A small state out of the main path of westward development that characterized the United States in the antebellum era, Rhode Island was not typical of U.S. political life during the 1840’s. Its entrenched customs and the virulent willingness of its property-owning class to defend their privileges were unusual. However, contemporary events such as the Antirent War Antirent War (1839-1846) that began in New York State in 1839 demonstrated that the social tensions exhibited in the Dorr Rebellion were hardly unique to Rhode Island.
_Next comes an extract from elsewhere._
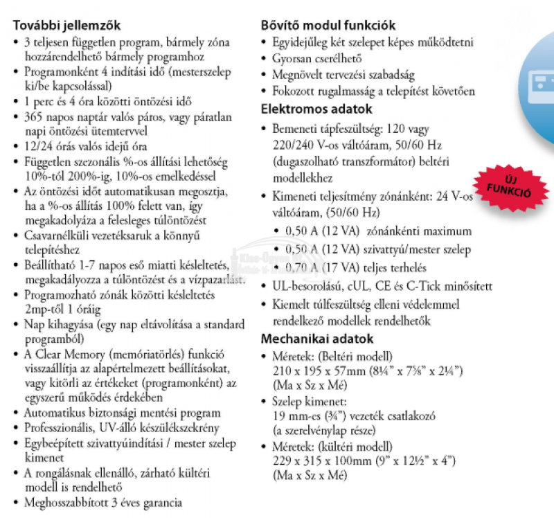 További jellemzők • 3 teljesen független program, bármely zóna hozzárendelhető bármely programhoz • Programonként 4 indítási idő (mesterszelep ki/be kapcsolással) • 1 perc és 4 óra közötti öntözési idő • 365 napos naptár valós páros, vagy páratlan napi öntözési ütemtervvel • 12/24 órás valós idejű óra • Független szezonális %-os állítási lehetőség 10%-tól 200%-ig, 10%-os emelkedéssel • Az öntözési időt automatikusan megosztja, ha a %-os állítás 100% felett van, így megakadolyáza a felesleges túlöntözést • Csavarnélküli vezetéksaruk a könnyű telepítéshez • Beállítható 1-7 napos eső miatti késleltetés, megakadályozza a túlöntözést és a vízpazarlást. • Programozható zónák közötti késleltetés 2mp-től 1 óráig • Nap kihagyása (egy nap eltávolítása a standard programból) • A Clear Memory (memóriatörlés) funkció visszaállítja az alapértelmezett beállításokat, vagy kitörli az értékeket (programonként) az egyszerű működés érdekében • Automatikus biztonsági mentési program • Professzionális, UV-álló készülékszekrény • Egybeépített szivattyúindítási / mester szelep kimenet • A rongálásnak ellenálló, zárható kültéri modell is rendelhető • Meghosszabbított 3 éves garancia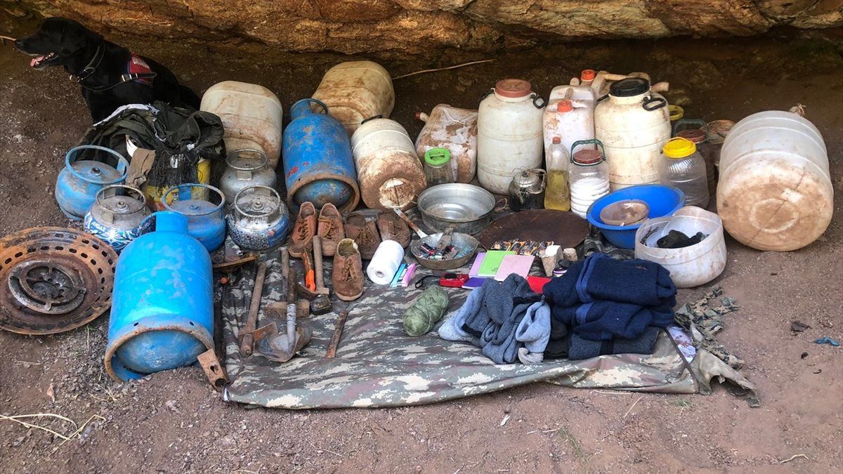 AA’nın haberine göre; yapılan arama tarama faaliyetinde, toprağa gömülü 2 büyük tüp, 5 piknik tüpü, kıyafet ve yaşam malzemeleri ele geçirildi.

The outcome of the Dorr Rebellion was a defeat for democracy only as seen in the narrowest possible terms. In broader terms, it was a symptom of the irresistible currents of democracy that had seized the United States during the nineteenth century. Although the Dorr Rebellion did not succeed in its immediate objectives, eventually it contributed to the gradual realization of the image of the United States as the fully representative democracy promised in the Constitution. Although the Dorr Rebellion was in quest of only universal white male suffrage, it was, in an oblique way, a part of the struggle that was to culminate twenty years later in the Emancipation Proclamation.



Further Reading

  • Coleman, Peter J. The Transformation of Rhode Island, 1790-1860. Providence, R.I.: Brown University Press, 1963. Discusses social and political conditions in the Rhode Island of the era.
  • Dennison, George. The Dorr War: Republicanism on Trial, 1831-1861. Lexington: University Press of Kentucky, 1976. A narrative and analytical history.
  • Eno, Paul F., and Glenn Laxton. Rhode Island: A Genial History. Woonsocket, R.I.: New River Press, 2005. Entertaining survey of Rhode Island history by two journalists. Eno has written extensively on Rhode Island history, and both authors bring to the book a flair for bringing to life historical figures such as Thomas Dorr.
  • Gettleman, Marvin. The Dorr Rebellion: A Study in American Radicalism. New York: Random House, 1973. The most important book to date on the Dorr Rebellion.
  • Williamson, Chilton. American Suffrage: From Property to Democracy. Princeton, N.J.: Princeton University Press, 1960. Chronicles the Dorr Rebellion as part of the expansion of the franchise before the Civil War.
  • Zinn, Howard. A People’s History of the United States. New York: Harper & Row, 1980. Discusses the Dorr Rebellion as an episode in the history of U.S. working-class radicalism.